• **YOUR ASSIGNMENT**:
All the data should be repeated exactly. Any image in it is left out.

• **DATA SHOWN**:

"""

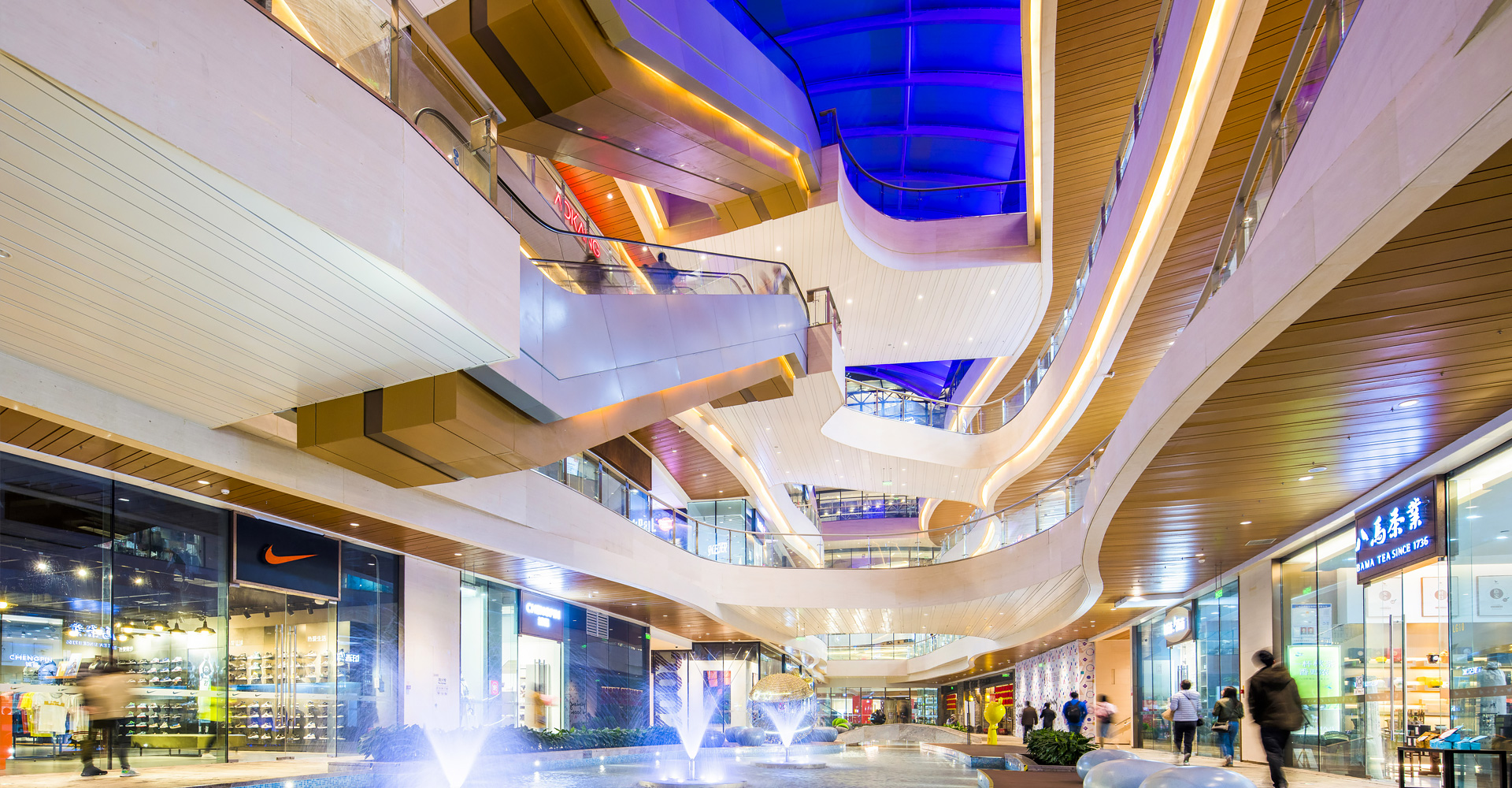 建筑內(nèi)部動線通過室內(nèi)室外兩條商業(yè)街創(chuàng)造了豐富的購物體驗,將多種水景,引入室內(nèi)和室外的場所,引導客戶從項目西北角的地鐵入口,直至南側(cè)梅溪湖岸邊。通過精心布局、動線組織、景觀和水景結(jié)合,使覽秀城突破傳統(tǒng)購買中心定義,成為一個綜合濱水體驗中心。
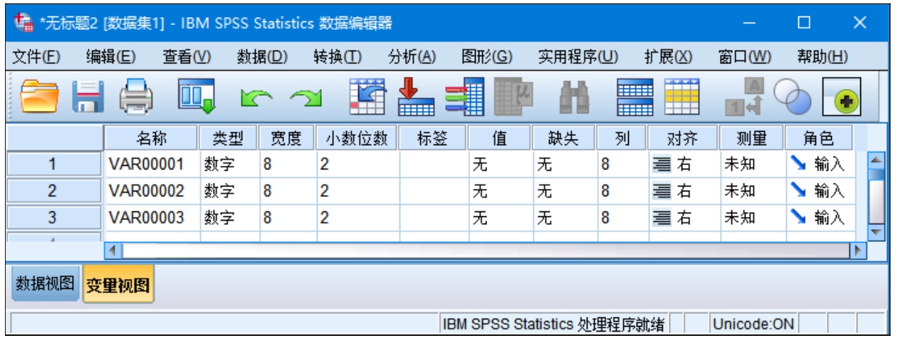 数据编辑器的变量视图如图1.19所示,其中每一行表示一个变量,每一列表示变量的一个属性。
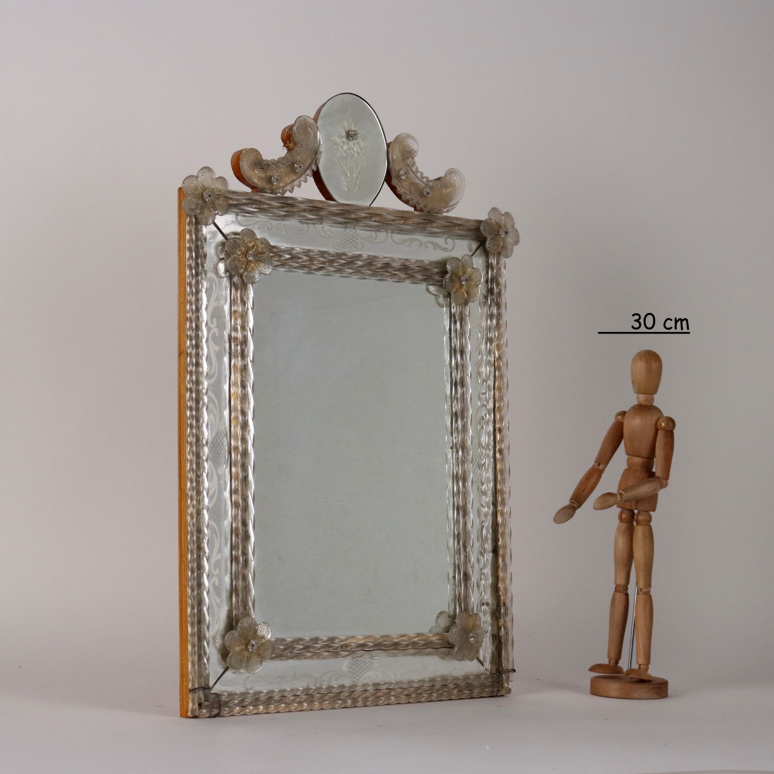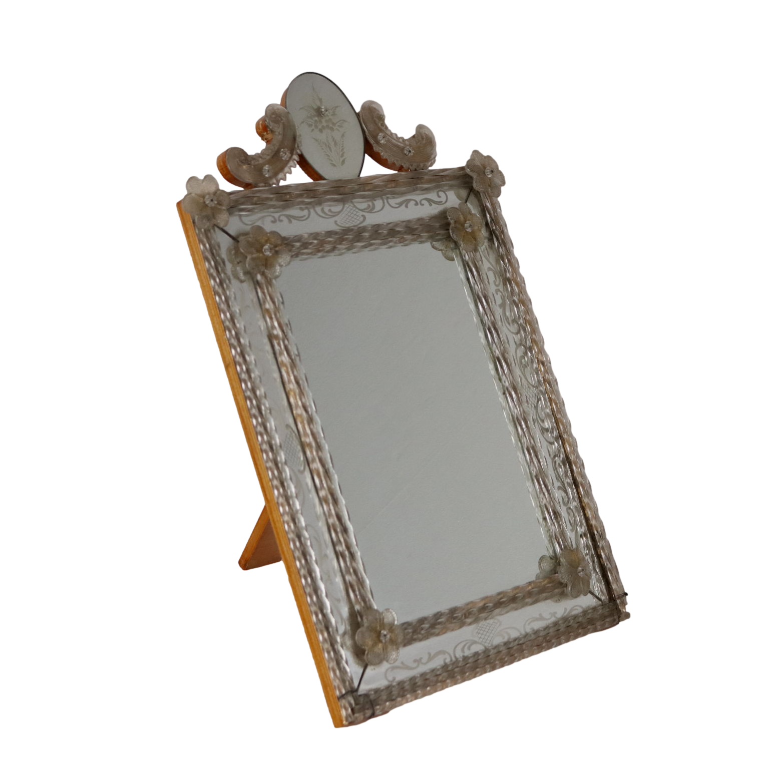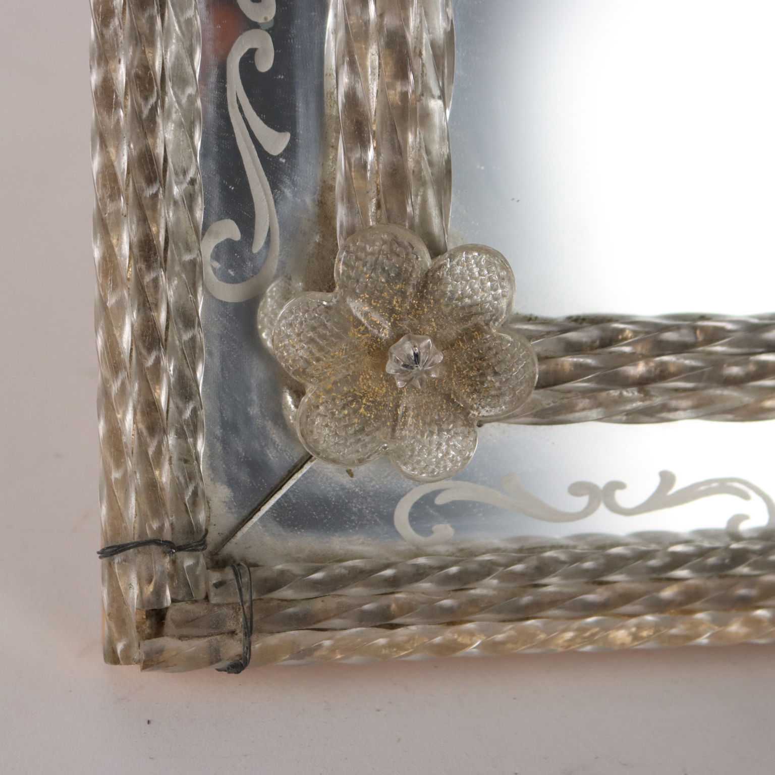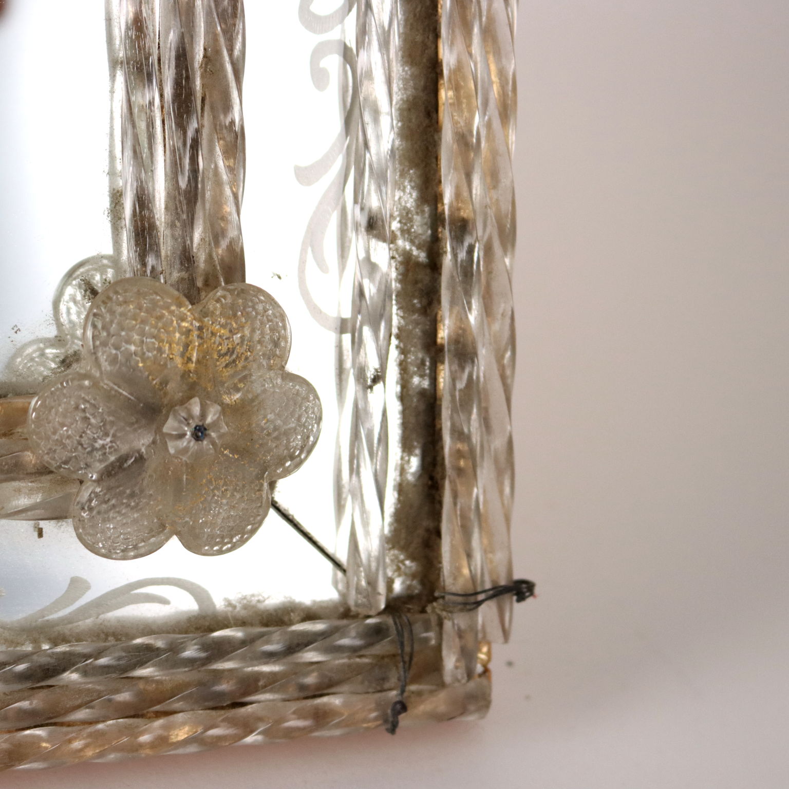 Espejo con cimacio y marcos en vidrio grabado formando motivos florales y rizos combinados con vidrio tallado y esculpido. Deficiencias. Italia del siglo XX

"""

• **FINISHED TASK**:
 建筑內(nèi)部動線通過室內(nèi)室外兩條商業(yè)街創(chuàng)造了豐富的購物體驗,將多種水景,引入室內(nèi)和室外的場所,引導客戶從項目西北角的地鐵入口,直至南側(cè)梅溪湖岸邊。通過精心布局、動線組織、景觀和水景結(jié)合,使覽秀城突破傳統(tǒng)購買中心定義,成為一個綜合濱水體驗中心。
 数据编辑器的变量视图如图1.19所示,其中每一行表示一个变量,每一列表示变量的一个属性。
 Espejo con cimacio y marcos en vidrio grabado formando motivos florales y rizos combinados con vidrio tallado y esculpido. Deficiencias. Italia del siglo XX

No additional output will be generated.